A
ESCANDALOSA BELEZA DO MAL
O
que me irrita em Adorno é o método do curto-circuito que liga com uma facilidade
perigosa as obras de arte às causas, às consequências ou às significações
políticas (sociológicas); as reflexões extremamente cheias de nuances (os
conhecimentos musicológicos de Adorno são admiráveis) levam desse modo a
conclusões extremamente pobres; na verdade, visto que as tendências políticas
de uma época são sempre redutíveis a
duas únicas tendências opostas, acabamos por classificar uma obra de arte no
lado do progresso ou no lado da reação; e como a reação é o mal, a inquisição
pode abrir seus processos.
A
sagração da primavera: um balé que termina com o sacrifício de uma moça
que deve morrer para que a primavera ressuscite. Adorno: Stravinski está do
lado da barbárie; sua “música não se identifica com a vítima, mas com a
instância destrutiva” (pergunto-me: por que o verbo “identificar-se?” como é
que Adorno sabe se Stravinski “se identifica” ou não? por que não dizer “pinta”,
“faz um retrato?”, “uma figura”, “representa”? resposta: porque apenas a identificação
com o mal é culpada e pode legitimar um processo).
Desde
sempre, profunda, violentamente, detesto aqueles que querem encontrar numa obra
de arte uma atitude (política, filosófica, religiosa etc), em vez de
procurar uma intenção de conhecer, de compreender, de apreender este ou
aquele aspecto da realidade. A música, antes de Stravinski, nunca soubera dar
uma forma aos ritos bárbaros. Não se sabia imaginá-los musicalmente. O que quer
dizer: não se sabia imaginar a beleza da barbárie. Sem sua beleza, essa
barbárie continuaria incompreensível. (Frisando: para conhecer a fundo esse ou
aquele fenômeno, é preciso compreender sua beleza, real ou potencial.) Dizer
que um rito sangrento possui uma beleza, eis o escândalo, insuportável, inaceitável.

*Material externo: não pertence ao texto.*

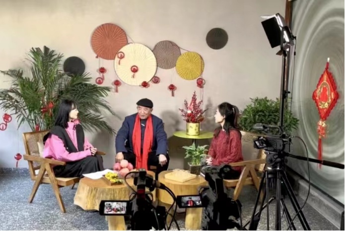 春节期间,张如亭通过直播平台宣介忻州古城。人民网记者 孙阳摄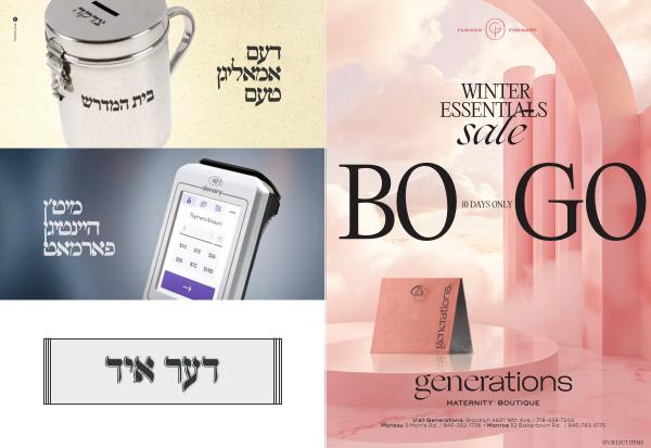 Visit Generations : Brooklyn 4601 16th Ave / 718-438-7204 Monsey 3 Morris Rd . / 845-352-1738 • Monroe 52 Bakertown Rd . / 845-783-6175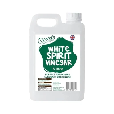 Versatility - Our Vinegar has an extensive range of uses, from Cleaning to Pickling, Weeding to Marinating! Drivers White Spirit Vinegar is Food-Grade, meaning you can be confident in it's usability for Pickling & Cooking Our Vinegar is Free from Additaves & Sulphites, we also use environmentally friendly packaging; 5 Litre Jerry cans product from Recycled Plastic At 5% Acidity, Drivers White Spirit Vinegar is perfect for removing tough-to-clean stains, limescale and other stubborn Dirt It can also be used to clean outside features, such as Patios Drivers Foods is a Family-owned British producer of Pickles & Vinegars since 1906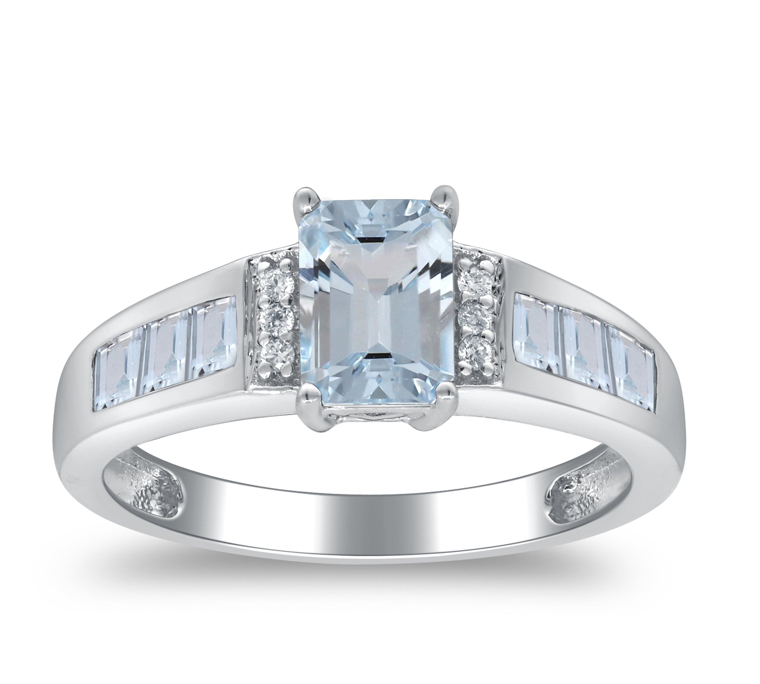 Charlie 10K White Gold Emerald-Cut Aquamarine Ring
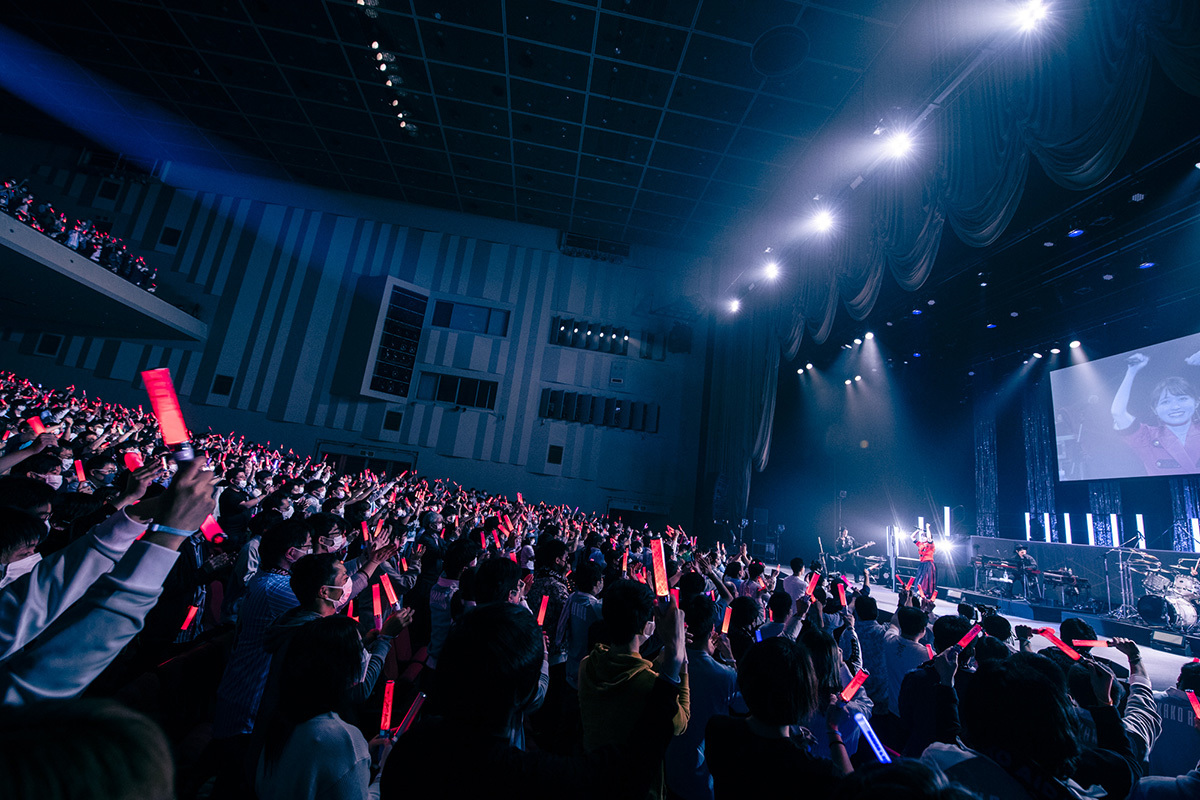 MCで「1曲目、緊張したー!」と漏らしつつ、久しぶりにファンと直接交流できる機会を喜ぶ逢田。「フィクション」のイメージにちなみ新調したという赤い衣装をアピールしたあとは、次の楽曲「Lotus」へ。1stアルバム『Curtain raise』のリード曲であり、彼女が初めて自分で作詞をしたナンバーだ。滑り出しはしとやかながら、サビで一気に力強く色づく歌声は、深い水の中から蓮の花が開く様子そのもの。バンドによるダイナミックな生演奏も手伝って、よりエモーションが伝わってくる。そこから爽快かつ切なさも湛えた「君がくれた光」に繋げ、ファンと一緒にこれまで重ねてきた時間への思いを馳せる。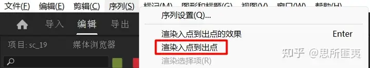 解决:选择“序列 - 渲染入点到出点”会对序列进行渲染,预览会变得流畅。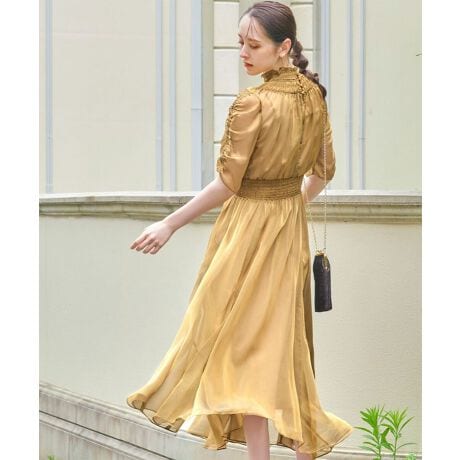 高めのネックとギャザー使いがポイントになったクラシカルな印象のワンピース。

No entanto, sem compreender esse escândalo, sem ir até o fundo desse escândalo,
não podemos compreender grande coisa sobre o homem. Stravinski dá ao rito
bárbaro uma forma musical forte, convincente, mas que não mente: escutemos a
última sequência da Sagração, a dança do sacrifício: o horror não é
escamoteado. Está lá. Que seja apenas mostrado? Que não seja denunciado? Mas se
ele fosse denunciado, isto é, privado de sua beleza, mostrado em sua feiura,
seria uma deslealdade, uma simplificação, uma “propaganda”. É porque é belo que
o assassinato da moça é tão terrível.
Assim como ele fez um retrato da missa, um retrato de uma festa campestre (Petrouchka). Stravinski fez aqui o retrato do êxtase bárbaro. É ainda mais interessante que ele tenha se declarado sempre e explicitamente partidário do princípio apolíneo, contrário ao princípio dionisíaco: A sagração da primavera (notadamente suas danças rituais) é o retrato apolíneo do êxtase dionisíaco: nesse retrato, os elementos extáticos (a batida agressiva do ritmo, alguns motivos melódicos extremamente curtos, muitas vezes repetidos, nunca desenvolvidos e parecendo gritos) são transformados em grande arte requintada (por exemplo, o ritmo, apesar de sua agressividade, torna-se tão complexo na alternância rápida de compassos diferentes que cria um tempo artificial, irreal, inteiramente estilizado); no entanto, a beleza apolínea desse retrato da barbárie não esconde o horror; ela nos mostra que no fundo do êxtase não se encontra senão a dureza do ritmo, as batidas severas da percussão, a insensibilidade extrema, a morte.